About 12% of providers kicked out of their state Medicaid programs for fraud, integrity or quality issues are still participating in other states' Medicaid programs, according to a report released Tuesday by HHS' Office of Inspector General.
According to the report, 295 providers across the country who were terminated from their states' Medicaid programs for cause in 2011 were still billing other states' Medicaid programs in 2014. Under the Affordable Care Act, states are supposed to pull providers' from their Medicaid rolls if they've already been removed from another state's program for fraud, integrity or quality problems.
“The continued participation of these providers after their terminations for cause from other State programs presents a vulnerability to Medicaid,” according to the OIG report.
Of those 295 providers, 94 received $7.4 million from Medicaid after they had already been yanked from their original states' programs. State agencies said the other 201 providers never received Medicaid dollars. Still, the OIG report said it's “concerning” that those providers were allowed to continue treating Medicaid beneficiaries.
Fifteen of the providers received Medicaid payments of $100,000 or more, and one got more than $1 million.
The OIG blamed the issue on the lack of comprehensive data sources available to states that would allow them to identify all terminations for cause.
The OIG also noted that 25 of the 41 states that use managed care to deliver Medicaid services did not require providers participating through managed care to be enrolled with the state Medicaid agency. States cannot terminate providers who are not directly enrolled, the OIG said.
The OIG is recommending the CMS require state Medicaid agencies to report all terminations for cause. It's also recommending the CMS require state Medicaid programs to enroll providers participating in Medicaid managed care and work with states to create common terminology to help states identify providers terminated for cause.
In its response to the report, the CMS agreed with the recommendations and noted it has already taken a number of steps to fix the problem.
For example, the CMS published a notice of proposed rulemaking in June that would require state Medicaid programs to enroll providers participating in Medicaid managed care.
The CMS also, last year, implemented a new Medicaid termination system under which states submit terminations to the CMS, which then reviews them and enters those that are for cause into a database accessible to state Medicaid programs.
“The CMS is committed to improving program integrity efforts in the Medicaid program,” CMS Acting Administrator Andrew Slavitt wrote in the response.
The National Association of Medicaid Directors was not able to immediately comment on the report Wednesday morning, but the organization also recommended last year, in a letter to the CMS and HHS' Center for Program Integrity, that the CMS clarify differences in terminology about provider terminations. The association also recommended that the CMS share information about terminated Medicaid providers through a centralized system.

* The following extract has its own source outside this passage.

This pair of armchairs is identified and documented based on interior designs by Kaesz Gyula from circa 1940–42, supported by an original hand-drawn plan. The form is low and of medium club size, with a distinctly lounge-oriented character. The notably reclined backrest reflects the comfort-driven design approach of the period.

Patrick Burns, co-director of the Taxpayers Against Fraud Education Fund, said the OIG report raises the important question of how to stop excluded providers from staying in the system. But he said it's difficult to know exactly how big a problem it is without further disaggregating the numbers.

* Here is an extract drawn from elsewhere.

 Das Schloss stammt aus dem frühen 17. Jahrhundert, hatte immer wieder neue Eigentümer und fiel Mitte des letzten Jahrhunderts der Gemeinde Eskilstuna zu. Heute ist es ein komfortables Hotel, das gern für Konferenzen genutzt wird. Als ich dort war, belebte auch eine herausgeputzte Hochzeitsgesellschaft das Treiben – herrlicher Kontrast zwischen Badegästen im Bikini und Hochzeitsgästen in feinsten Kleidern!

Still, he said, “We want proof the person who's standing before you, who's Dr.Jones is, in fact, Dr. Jones, and that Dr. Jones is not really a guy excluded in New Mexico or Florida or California."
Clinton Mikel, a partner with The Health Law Partners in Southfield, Mich., which represents providers among others, said the report seems to be part of a larger trend of the government more aggressively trying to police its program enrollments. The CMS issued a rule in December saying that it would deny or revoke Medicare billing privileges from providers who routinely bill for services that don't meet program requirements.
Mikel believes the crackdown is driven by the government's desire to recoup more cash lost through fraud.
“We're seeing a lot of action from the CMS trying to essentially clean up the fact that they had not previously, extensively policed their provider enrollment,” Mikel said. “I think this is merely a part of a larger pattern.”